A EM manifesta-se em surtos, pode ser de evolução com recidiva ou progressiva e possui como principais sintomas a fraqueza muscular, depressão, fadiga e incontinência urinária ou fecal devido à perda do controle dos movimentos.

Na esclerose múltipla as camadas de mielina que recobrem e isolam as fibras nervosas são destruídas, prejudicando a transmissão das mensagens que controlam os movimentos conscientes e inconscientes do organismo como falar, andar, ou mesmo respirar e que, a longo prazo, leva à invalidez.

Esclerose Múltipla: o que é e sintomas

Sintomas da esclerose múltipla

Os sintomas da esclerose múltipla podem aparecer de repente ou parecer tão comuns que a pessoa nem percebe. Os principais sintomas são:

  • Fraqueza muscular, resultando em fadiga, falta de força dos braços e dificuldade para caminhar, por exemplo;
  • Movimento involuntário dos músculos, o que pode causar incontinência urinária e fecal;
  • Problemas relacionados à visão, que pode acometer um ou os dois olhos, como diminuição da visão, visão embaçada ou turva, diminuição da percepção das cores e dor no olho;
  • Formigamento dos membros, sensação de queimação e perda da sensibilidade - Conheça as principais causas de formigamento nas mãos;
  • Alterações neurológicas, como perda de memória e dificuldade de concentração;
  • Diminuição da libido ou impotência;
  • Falta de coordenação motora;
  • Depressão.

Os sintomas podem ser agravados quando a pessoa é exposta ao calor ou tem febre, podendo reduzir espontaneamente quando a temperatura volta ao normal.

Como identificar

O diagnóstico da esclerose múltipla é feito por um neurologista baseado nos sintomas apresentados pela pessoa. Além disso, o médico pode solicitar exames de imagem para confirmar o diagnóstico, como a ressonância magnética, por exemplo, em que pode ser verificada a degradação da bainha de mielina. Saiba para que serve e como é feita a ressonância magnética.

Como é feito o tratamento

O tratamento da esclerose múltipla é feito por meio de medicamentos e sessões de fisioterapia. Os medicamentos devem ser indicados pelo médico e têm como objetivo evitar a progressão da doença, diminuir o tempo e a intensidade das crises e controlar os sintomas, podendo ser indicado pelo neurologista o uso de Interferon, Acetato de Glatirâmer, Imunoglobulinas, corticoides e analgésicos.

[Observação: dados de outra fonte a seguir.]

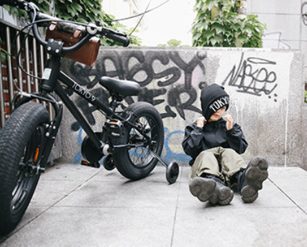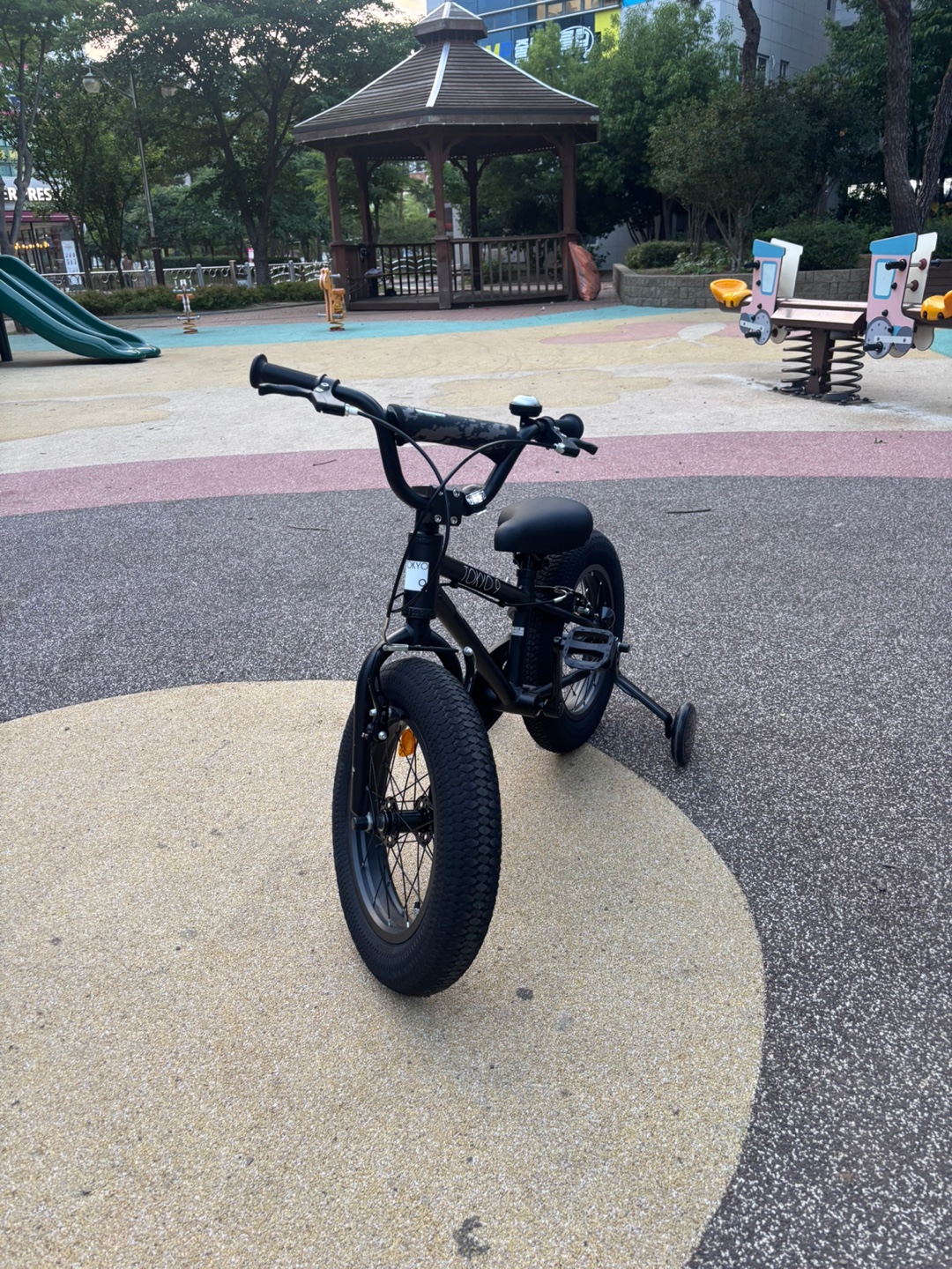 [랭글러블랙16인치 도쿄나인 어린이자전거 5세6세7세 보조바퀴 네발자전거]

A fisioterapia é importante para a pessoa com EM porque permite que os músculos sejam ativados, evitando a atrofia. A fisioterapia para a esclerose múltipla consiste na realização de exercícios de alongamento e fortalecimento muscular. Além disso, quando a pessoa se encontra em crise, é importante ficar em repouso. Saiba mais sobre o tratamento para a esclerose múltipla.

Esclerose múltipla tem cura?

A esclerose múltipla não tem cura e o seu tratamento deve ser realizado por toda vida.

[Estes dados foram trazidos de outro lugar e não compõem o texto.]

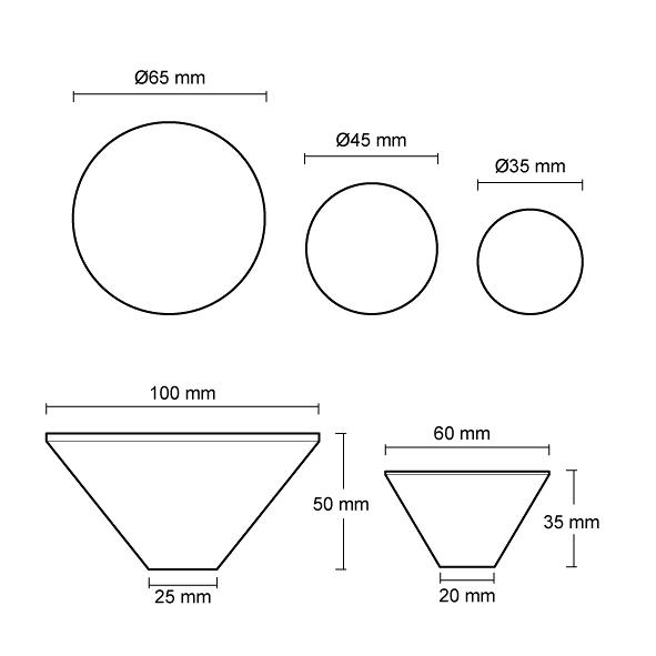 Διαστάσεις: μικρό Φ 6cm – μεγάλο Φ 10cm

O prognóstico da esclerose múltipla é de que a pessoa acabe apresentando incapacidade neurológica progressiva e que cerca de 25 anos após o diagnóstico da doença, 80% destes pacientes se tornem totalmente dependentes de outros para realizar suas tarefas. No entanto, a medicina tem tido grandes avanços nesta área, havendo muitos casos de pessoas diagnosticadas com a doença a mais de 20 anos e que não apresentam qualquer tipo de dependência.

Mais sobre este assunto:


Carregando
...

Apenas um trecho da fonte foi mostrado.